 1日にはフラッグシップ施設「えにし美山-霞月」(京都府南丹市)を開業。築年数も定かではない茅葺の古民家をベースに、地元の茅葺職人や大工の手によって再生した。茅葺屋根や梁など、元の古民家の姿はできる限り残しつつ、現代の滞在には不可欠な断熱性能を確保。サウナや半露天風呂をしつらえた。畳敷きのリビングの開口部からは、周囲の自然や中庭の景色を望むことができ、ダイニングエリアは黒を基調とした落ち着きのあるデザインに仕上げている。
...
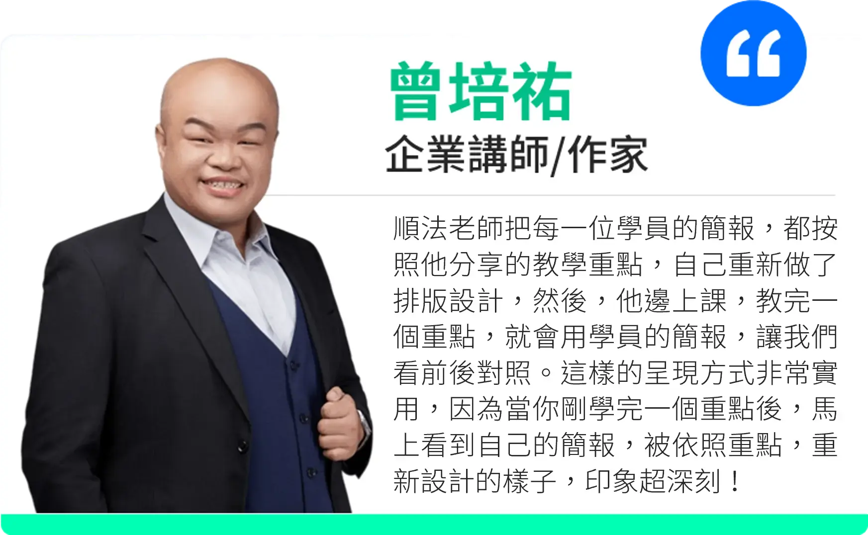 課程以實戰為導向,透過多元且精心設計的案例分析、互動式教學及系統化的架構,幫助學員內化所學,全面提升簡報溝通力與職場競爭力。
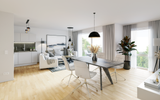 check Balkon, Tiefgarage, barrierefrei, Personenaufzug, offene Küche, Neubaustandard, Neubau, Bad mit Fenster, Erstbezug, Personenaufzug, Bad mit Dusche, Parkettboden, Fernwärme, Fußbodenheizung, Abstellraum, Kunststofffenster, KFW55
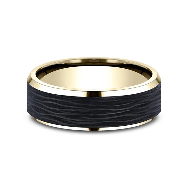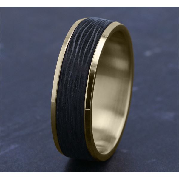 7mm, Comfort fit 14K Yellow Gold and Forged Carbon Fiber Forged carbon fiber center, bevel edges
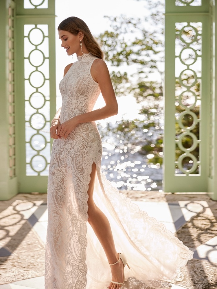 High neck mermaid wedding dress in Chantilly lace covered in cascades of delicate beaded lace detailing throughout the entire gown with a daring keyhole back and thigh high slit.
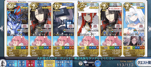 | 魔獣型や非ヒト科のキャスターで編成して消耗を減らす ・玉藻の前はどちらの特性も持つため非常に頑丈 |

What is expected
Using the records above, return verbatim only the part that opens with the line containing "check Balkon, Tiefgarage, barrierefrei, Personenaufzug, offene" and closes with the line containing "魔獣型や非ヒト科のキャスターで編成して消耗を減らす ・玉藻の前はどちらの特性も持つため非常に頑丈 |"; pictures stay out.

Answer to the exercise
 check Balkon, Tiefgarage, barrierefrei, Personenaufzug, offene Küche, Neubaustandard, Neubau, Bad mit Fenster, Erstbezug, Personenaufzug, Bad mit Dusche, Parkettboden, Fernwärme, Fußbodenheizung, Abstellraum, Kunststofffenster, KFW55
 7mm, Comfort fit 14K Yellow Gold and Forged Carbon Fiber Forged carbon fiber center, bevel edges
 High neck mermaid wedding dress in Chantilly lace covered in cascades of delicate beaded lace detailing throughout the entire gown with a daring keyhole back and thigh high slit.
 | 魔獣型や非ヒト科のキャスターで編成して消耗を減らす ・玉藻の前はどちらの特性も持つため非常に頑丈 |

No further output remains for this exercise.